My question is: how has COVID affected the pregnant population in your area and is this yet another area we need to gather more information on and start to trend?
I'm not in position to answer that question with any validity from a science standpoint. There just isn't any literature on it. But I am good friends with an OB/GYN and he told me that he is seeing more issues with bleeding complications in women of childbearing age that received the vaccination. He told me he received a lot of pushback from the CDC when he tried to get information on it.

Interesting that you mentioned the lungs because my brother works as a contractor for a Federal agency and he was mandated to get the vaccine. Less than a week after getting his second Pfizer vaccine, he was hospitalized for congested heart failure symptoms and has never had an issue before. He is 54 years old. The fluid built up around his heart, lungs, and even caused swollen testicles. VAERS shows 40 reported cases of testicular swelling for the Pfizer vaccine and 65 recorded cases of congestive cardiomyopathy the last time I looked. His case will not be recorded with VAERS because the physicians do not associate the two and both of these conditions are greatly under reported to VAERS.

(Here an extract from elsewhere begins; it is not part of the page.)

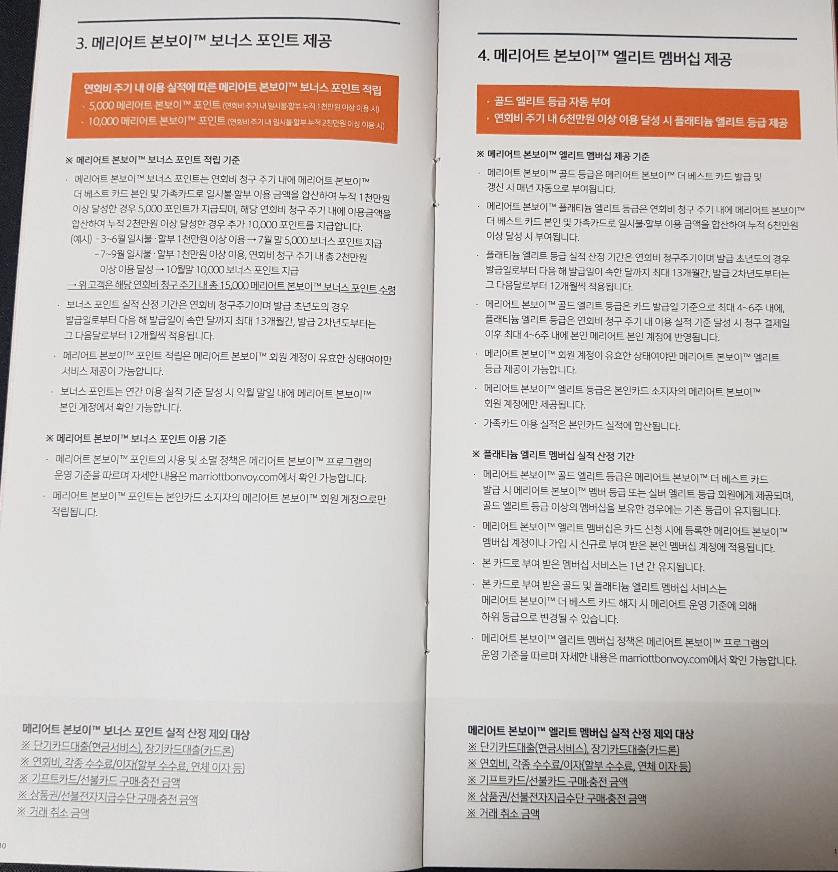 연회비 주기내 1천만원 이상 이용시 5,000메리어트 포인트
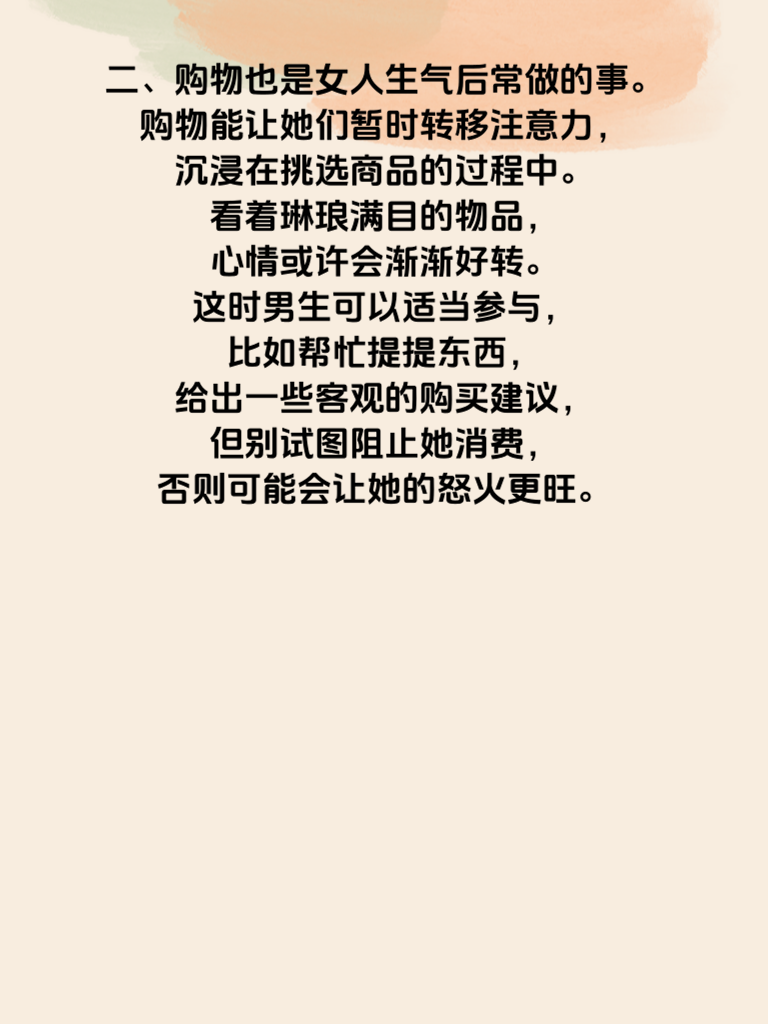一、女人生气后,常常会选择沉默。她们不是不想说话,而是在气头上,每一个字都可能带着刺。此时,男生千万别以为沉默是默认,这恰恰是她们在压抑情绪。给她一些时间和空间,让她能冷静下来梳理思绪,等她愿意开口时,再耐心倾听,不要急于辩解,用理解和包容去化解她的怒火。 二、购物也是女人生气后常做的事。购物能让她们暂时转移注意力,沉浸在挑选商品的过程中。看着琳琅满目的物品,心情或许会渐渐好转。这时男生可以适当参与,比如帮忙提提东西,给出一些客观的购买建议,但别试图阻止她消费,否则可能会让她的怒火更旺。 三、女人生气后还可能会找闺蜜倾诉。闺蜜是她们情感的避风港,会在这时给予安慰和支持。男生要明白,这是她释放情绪的正常方式,不要因此吃醋或阻拦。等她倾诉完,再以温和的态度和她沟通,表达你的关心和在乎,让她知道你一直在她身边。

If you want to talk "hypotheticals," I can do that. Pregnant women require much higher calcium loads because the growing baby needs a lot of it. Because enough is not often acquired from the diet, the women start leaching calcium from their bones to increase the baby's calcium availability. The problem is when the calcium is leached, so is any other polyvalent cation stored in the bones. Lead is removed from our bloodstream and put as far from our organs as we can put it. It often ends up in the bones. When you start seeing preeclampsia from after week 20 to week 34 of gestation, that can often be attributed to elevated lead levels.

Lead in our bloodstream increases oxidative stress the same that SARS-Cov-2 does. It would increase COVID symptoms because reduction capacity could get overloaded quickly. I'd start looking there for answers.

Last edited by Kick 6; 11-01-2021 at 07:49 AM..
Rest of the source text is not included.